2. We introduce the PartitionWindowedStream that extends the DataStream.

3. We add four APIs to PartitionWindowedStream, including mapPartition, sortPartition, aggregate and reduce.

Proposed Changes

Support full window processing on DataStream

We propose to only support full window processing on DataStream. It's difficult to support arbitrary types of windows on DataStream, including count windows, sliding windows, and session windows. The main reason is that the DataStream is non-keyed and does not support keyed statebackend and keyed raw state. This issue results in two conflicts on the usage of various windows:

1. The storage of window state relies on the InternalKvState provided by KeyedStateBackend. The storage of timers in time service also relies on keyed raw state.

2. The recovery of window state and timers relies on the assumption that every record has a key. The window state and timers will be stored and distinguished by the key.
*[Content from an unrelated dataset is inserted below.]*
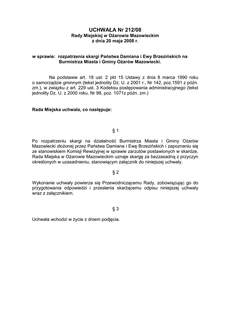 UCHWAŁA Nr 212/08 Rady Miejskiej w OŜarowie Mazowieckim z dnia 20 maja 2008 r. w sprawie: rozpatrzenia skargi Państwa Damiana i Ewy Brzezińskich na Burmistrza Miasta i Gminy OŜarów Mazowiecki. Na podstawie art. 18 ust. 2 pkt 15 Ustawy z dnia 8 marca 1990 roku o samorządzie gminnym (tekst jednolity Dz. U. z 2001 r., Nr 142, poz.1591 z późn. zm.), w związku z art. 229 ust. 3 Kodeksu postępowania administracyjnego (tekst jednolity Dz. U. z 2000 roku, Nr 98, poz. 1071z późn. zm.) Rada Miejska uchwala, co następuje: §1 Po rozpatrzeniu skargi na działalność Burmistrza Miasta i Gminy OŜarów Mazowiecki złoŜonej przez Państwa Damiana i Ewę Brzezińskich i zapoznaniu się ze stanowiskiem Komisji Rewizyjnej w sprawie zarzutów postawionych w skardze, Rada Miejska w OŜarowie Mazowieckim uznaje skargę za bezzasadną z przyczyn określonych w uzasadnieniu, stanowiącym załącznik do niniejszej uchwały. §2 Wykonanie uchwały powierza się Przewodniczącemu Rady, zobowiązując go do przygotowania odpowiedzi i przesłania skarŜącemu odpisu niniejszej uchwały wraz z załącznikiem. §3 Uchwała wchodzi w Ŝycie z dniem podjęcia. Załącznik do Uchwały Nr 212/08 Rady Miejskiej w OŜarowie Mazowieckim z dnia 20 maja 2008r. OŜarów Mazowiecki, dnia 16 kwietnia 2008 roku Stanowisko Komisji Rewizyjnej w sprawie skargi na działalność Burmistrza złoŜonej dnia 13 lutego 2008 roku przez państwa Brzezińskich Zgodnie z art. 227 Kodeksu postępowania administracyjnego (Dz. U. z 2000 roku, Nr 98, poz. 1071 – tekst jednolity), Komisja Rewizyjna po zapoznaniu się z treścią Skargi Państwa Brzezińskich z dnia 13 lutego 2008 roku, przekazaną przez przewodniczącego Rady do rozpoznania celem stwierdzenia zasadności skargi na Burmistrza Miasta i Gminy OŜarów Mazowiecki, niniejszym przedstawia swoje stanowisko w przedmiotowej sprawie: W skardze z dnia 13 lutego 2008 roku Państwo Brzezińscy podnieśli, Ŝe postępowanie w ich sprawie prowadzone jest biurokratycznie poprzez zaniedbania, nadto niezgodnie z prawem, naruszając tym samym praworządność, oraz prawa i interesy skarŜących. W pierwszej kolejności pragniemy przedstawić zebrane przez nas ustalenia faktyczne i prawne, a następnie odnieść się do zasadności przedstawionych przez Państwa Brzezińskich zastrzeŜeń. Państwo Brzezińscy w dniu 3 marca 2003r. złoŜyli wniosek o wydanie decyzji o warunkach zabudowy i zagospodarowania terenu dla działki pod budowę budynku mieszkalnego jednorodzinnego. Zgodnie z ustaleniami ówcześnie obowiązującego miejscowego planu ogólnego zagospodarowania przestrzennego Gminy OŜarów Mazowiecki (uchwała nr 35/94 Rady Miejskiej w OŜarowie Mazowieckim z dnia 15 listopada 1994r.) teren działki nr ew. 113/2 połoŜonej Płochocinie znajdował się na terenie rolno- osadniczym. Zgodnie z zapisami tamtego planu, istniała moŜliwość „…formowania nowej zabudowy zagrodowej odpowiadającej wielkością i charakterem prowadzonej działalności rolniczej pod warunkiem zachowania ładu przestrzennego i minimum obszarowego, które wynosi 2,0ha (fizyczne) uŜytków rolnych…” Po przeanalizowaniu akt sprawy została wydana decyzja o odmowie ustalenia decyzji o zabudowie, ze względu na niespełnienie warunków zapisu planu, dotyczących powierzchni. Państwo Brzezińscy odwołali się od decyzji odmownej i sprawa za pośrednictwem Burmistrza została skierowana do Samorządowego Kolegium Odwoławczego w Warszawie wraz z kompletem akt sprawy w dniu 4 kwietnia 2003r. Samorządowe Kolegium Odwoławcze decyzję Burmistrza uchyliło i przekazało sprawę do ponownego rozpatrzenia organowi I instancji. W ślad decyzji SKO został sporządzony projekt decyzji o warunkach zabudowy oraz analiza terenu, zgodnie z zapisami ustawy o planowaniu i zagospodarowaniu przestrzennym (wniosek o warunki zabudowy został złoŜony w czasie obowiązywania planu zagospodarowania, plan obowiązywał do 1 stycznia 2004r.) Pismem przewodnim Burmistrz Miasta i Gminy wysłał projekt decyzji, zgodnie z ustawą do innych organów celem zaopiniowania, o warunkach zabudowy do uzgodnień zgodnie z art. 53 ust .4, art. 60 ust. 2 ustawy o planowaniu i zagospodarowaniu przestrzennym – w dniu 4 czerwca 2004r. W trakcie uzyskiwania uzgodnień do przesłanego projektu decyzji o warunkach zabudowy, Państwo Brzezińscy odwołali się od postanowienia Burmistrza Miasta i Gminy OŜarów Mazowiecki w zakresie zarządcy dróg gminnych – sprawa została przekazana do SKO. Nowe uzgodnienie w zakresie dróg zostało wydane 15 kwietnia 2005r. Po uzyskaniu wszystkich pozytywnych uzgodnień, Burmistrz Miasta i Gminy OŜarów Mazowiecki wydał decyzję o warunkach zabudowy dla inwestycji polegającej na budowie budynku mieszkalnego na działce nr ew. 113/2 w Płochocinie. Decyzja została wydana 29 kwietnia 2005 roku. Po spotkaniu Państwa Brzezińskich z Panem Burmistrzem w styczniu 2008 roku, zostało przygotowane pismo, informujące o przygotowanej decyzji oraz o konieczności uiszczenia opłaty skarbowej za tą decyzję. Państwo Brzezińscy, w swoim piśmie z dnia 23 stycznia b.r. zaznaczyli, Ŝe Urząd nie przedstawia podstawy prawnej do Ŝądania uiszczenia opłaty skarbowej za ww. decyzję. W związku z powyŜszym Referat wystąpił do radcy prawnego Urzędu o opinię odnośnie konieczności uiszczenia takiej opłaty. Radca prawny podtrzymał stanowisko Referatu stwierdzające konieczność uiszczenia takiej opłaty skarbowej w wysokości 107zł. Takie stanowisko na piśmie zostało przesłane Państwu Brzezińskim w dniu 8 lutego 2008 roku. W odpowiedzi na pismo Burmistrza w dniu 13 lutego b.r. Państwo Brzezińscy złoŜyli skargę do Samorządowego Kolegium Odwoławczego. Zdaniem Referatu Planowania Przestrzennego i Budownictwa zostały zachowane wszystkie przepisy prawa. Z przedstawionego powyŜej materiału i stanowiska Referatu Planowania Przestrzennego i Budownictwa wynika, iŜ głównym zastrzeŜenie

In fault tolerance and rescaling scenarios, each subtask must be assigned a key range to recover the window state and timers correctly.

Furthermore, based on community feedbacks, there is currently no demand for arbitrary window processing on DataStream. However, it is worth noting that the DataSet API already offers full window processing capabilities. Integrating this existing capability into DataStream would enhance its functionality and better meet the needs of users.

Therefore, we propose to only support full window processing on DataStream. This feature is designed to work only when RuntimeExecutionMode=BATCH and does not support checkpoint. If user specifies RuntimeExecutionMode=STREAMING, the job will be failed to submit. Without the requirement for checkpoint, the underlying implementation can no longer rely on state and avoid the aforementioned conflict issues.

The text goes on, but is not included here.